---------- Data provided ----------

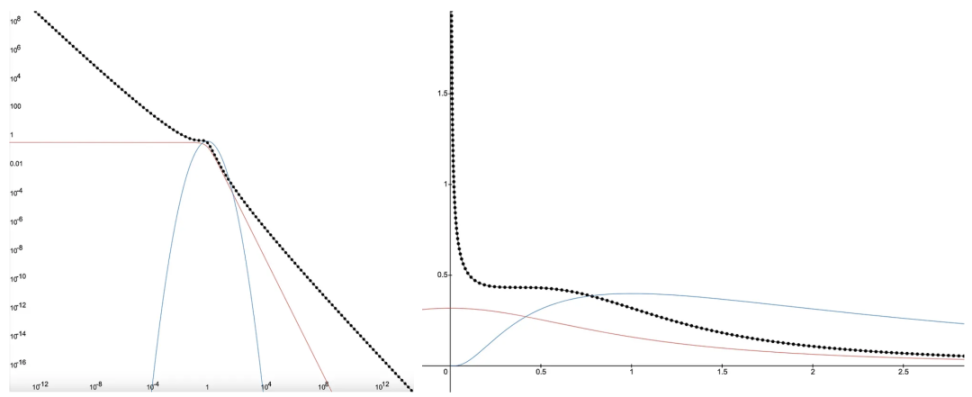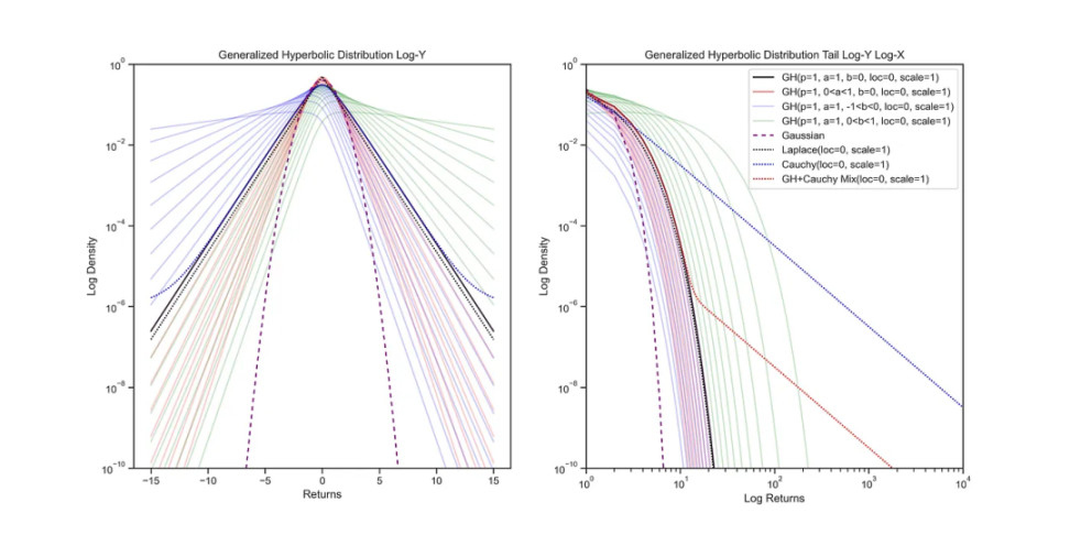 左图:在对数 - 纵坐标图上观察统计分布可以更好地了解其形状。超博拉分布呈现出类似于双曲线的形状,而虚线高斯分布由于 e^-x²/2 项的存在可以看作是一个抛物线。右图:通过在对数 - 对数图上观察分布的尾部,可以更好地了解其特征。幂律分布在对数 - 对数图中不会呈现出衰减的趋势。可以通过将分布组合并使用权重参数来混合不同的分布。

----------
---------- Data provided ----------

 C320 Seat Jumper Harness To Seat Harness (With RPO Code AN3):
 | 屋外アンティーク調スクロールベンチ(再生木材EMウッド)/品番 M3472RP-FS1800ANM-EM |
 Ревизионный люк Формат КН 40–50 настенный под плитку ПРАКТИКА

----------

### Exercise description
Lines wanted from the listing above: the line with "屋外アンティーク調スクロールベンチ(再生木材EMウッド)/品番 M3472RP-FS1800ANM-EM |" up to and including the line with "Ревизионный люк Формат". Please write them out exactly, adding nothing else.

### Answer area
 | 屋外アンティーク調スクロールベンチ(再生木材EMウッド)/品番 M3472RP-FS1800ANM-EM |
 Ревизионный люк Формат КН 40–50 настенный под плитку ПРАКТИКА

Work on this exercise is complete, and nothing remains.